Tragedi Kanjuruhan yang terjadi pada 1 Oktober 2022 mungkin telah berlalu.
Namun, meski 1.000 hari telah berlalu, ingatan kelam dan duka mendalam akan Tragedi Kanjuruhan tetap dirasakan para keluarga korban.
Peristiwa itu menewaskan 135 orang dan mencederai ratusan lainnya, menjadikannya insiden paling kelam dalam sejarah sepak bola Indonesia.
Pada Kamis (26/6/2025), kenangan duka itu kembali dikenang dalam suasana haru.
Bagi keluarga korban, Aremania, dan pecinta sepak bola Tanah Air, luka dari malam kelam itu belum sembuh.
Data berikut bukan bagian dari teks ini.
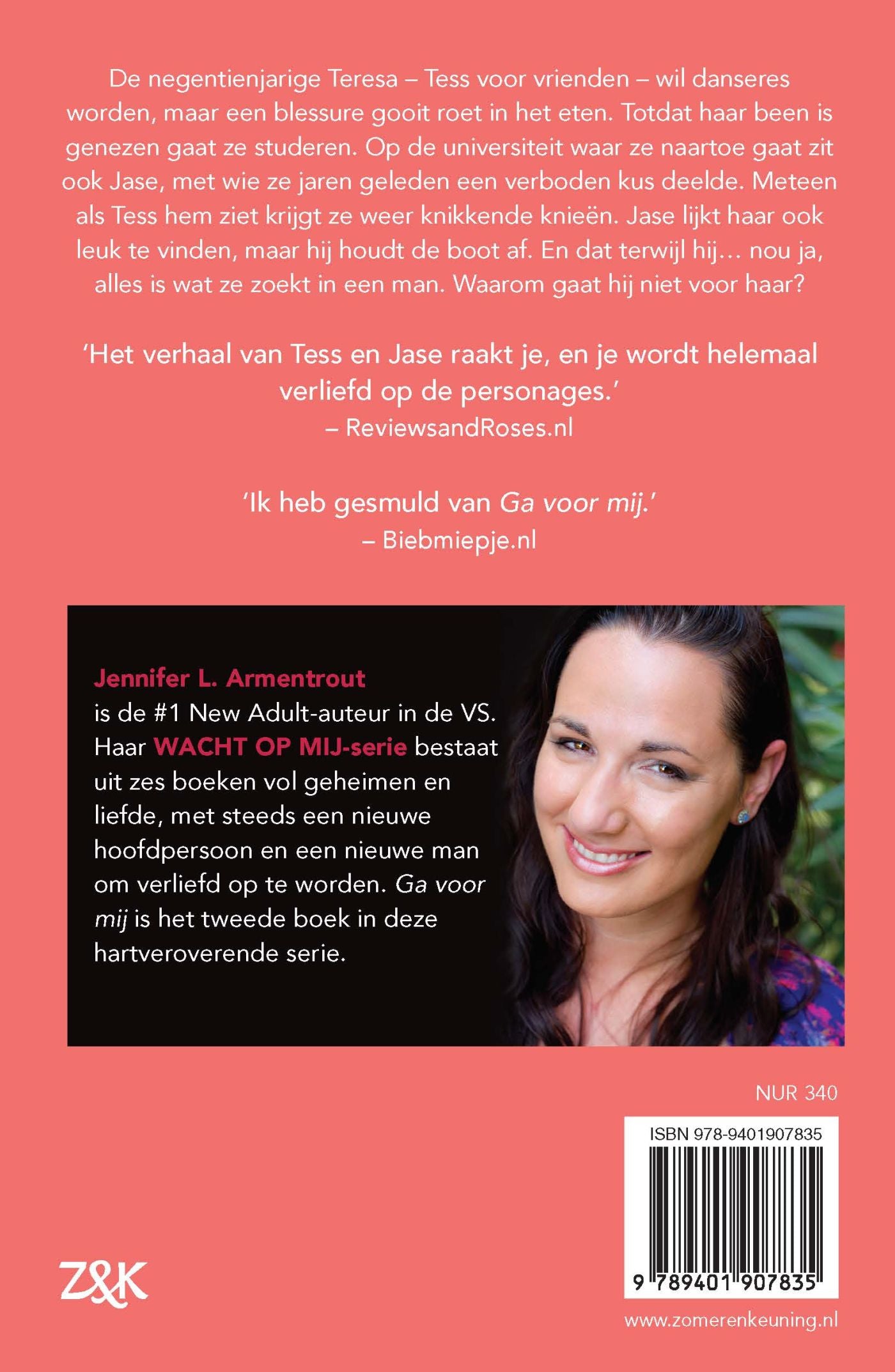 Ga voor mij (Engelse titel: Be with me) is broeierig en meeslepend, precies zoals een new adult hoort te zijn. Auteur J. Armentrout is in Nederland bekend van de boeken Wacht op mij en IJskoud. Ga voor mij is een zijdelings vervolg op Wacht op mij, waarin Teresa’s broer Cam de hoofdrol speelde.

Ingatan tentang tragedi tersebut masih membekas kuat.
Doa dan Hening di Stadion Kanjuruhan
Suasana latihan Arema FC di Stadion Kanjuruhan hari itu berbeda dari biasanya.
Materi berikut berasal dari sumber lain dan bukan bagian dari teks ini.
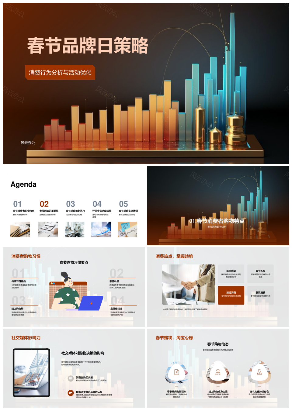 这是一张春节品牌日消费分析活动优化提升知名度PPT模板,包含春节、品牌日、消费分析、活动、优化、提升、知名度等主题内容,也可用作春节品牌日消费分析、春节品牌日活动优化提升、品牌日消费分析活动优化、消费分析活动优化提升、活动优化提升知名度、春节品牌日消费分析活动、品牌日消费分析活动、消费分析活动优化、分析活动优化提升、优化提升知名度、春节品牌日消费活动、品牌日活动优化、春节提升知名度、活动优化提升、提升知名度等PPT场景使用。 风云办公提供的春节品牌日消费分析活动优化提升知名度PPT模板,下载格式为pptx,一共28页,作品中文字及图均可以修改和编辑,图片更改请在作品中右键图片并更换,文字修改请直接点击文字进行修改。
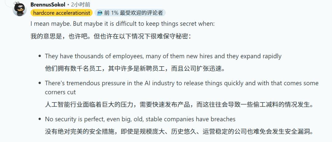 一派认为这是纯粹的工程事故。理由是:OpenAI几千名员工,扩张速度极快,AI行业的发布节奏又催得紧,安全漏洞几乎是必然的。
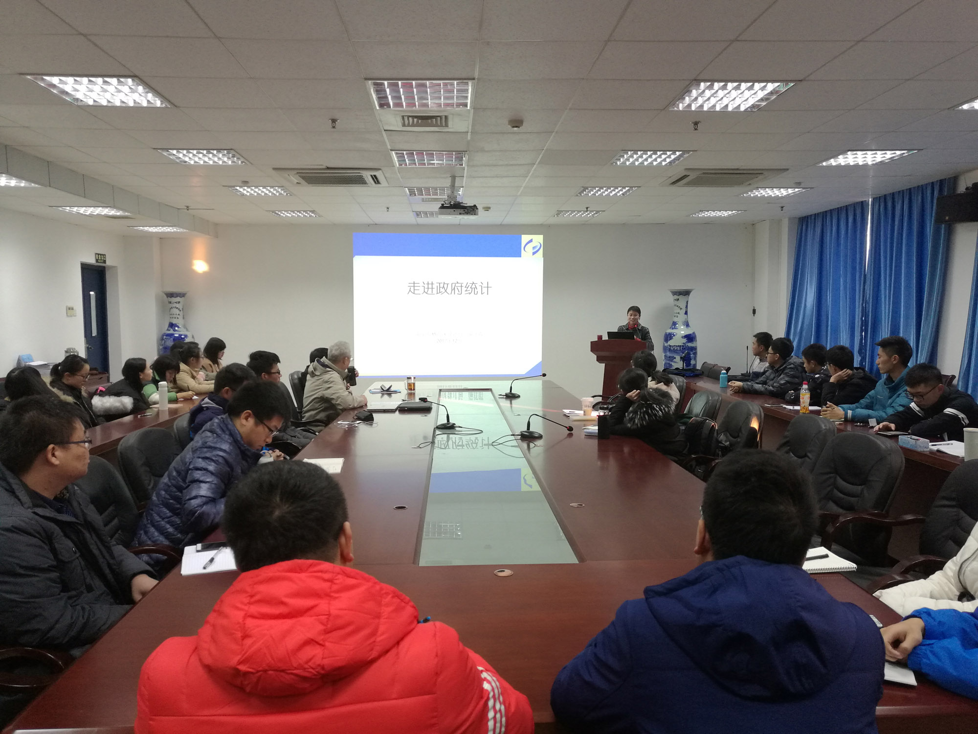 在报告中,端局长以实际工作的实践为基础,分别从政府统计的概念与特征,政府统计的功能与任务,政府统计的调查方法以及如何胜任政府统计工作岗位等四个方面详细介绍了政府统计工作的有关内容,端局长的报告准备充分,讲解透彻,重点突出,她的报告受到了听众的一致好评,报告会后,端局长详细解答了与会听众关心的热点问题。
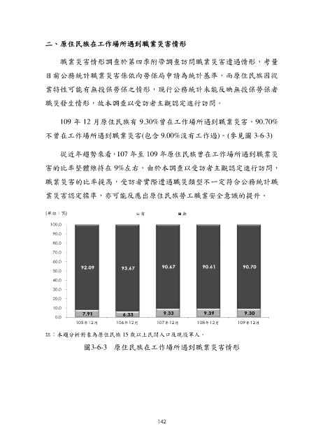 109 年 12 月原住民族有 9.30%曾在工作場所遇到職業災害,90.70%
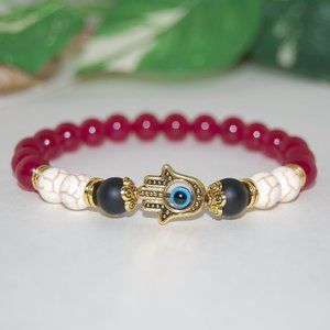 Hamsa Hand Bracelet,Agate Bracelet,Golden Hamsa Bracelet,Good Luck Bracelet

Seusai latihan, para pemain, pelatih, staf, dan manajemen tidak langsung meninggalkan lapangan.
Mereka berganti pakaian lalu berkumpul di sisi lapangan yang dahulu menjadi saksi bisu tragedi.
Dengan kepala tertunduk dan tangan menengadah, mereka larut dalam tahlilan dan doa bersama.
Seorang ustadz memimpin doa untuk para korban tragedi yang telah meninggal dunia.
“Inti dari pembacaan doa ini ialah untuk mendoakan mereka yang telah tiada saat tragedi kemarin,” ujar General Manager Arema FC, Yusrinal Fitriandi kepada jurnalis termasuk Kompas.com.
Doa itu juga memuat harapan agar para korban mendapat tempat terbaik di sisi Tuhan, keadilan yang diperjuangkan keluarga korban segera ditegakkan, serta agar Arema FC dapat melangkah ke depan dengan semangat baru yang bersih dari luka masa lalu.
Pada malam harinya, sekitar 300 orang yang terdiri dari keluarga korban dan warga Malang Raya berkumpul di depan Gate 13.
Area tersebut telah menjadi simbol luka bagi Aremania.
Doa kembali dipanjatkan, bertepatan dengan malam 1 Suro dalam kalender Jawa—malam yang sakral sebagai penanda pergantian tahun.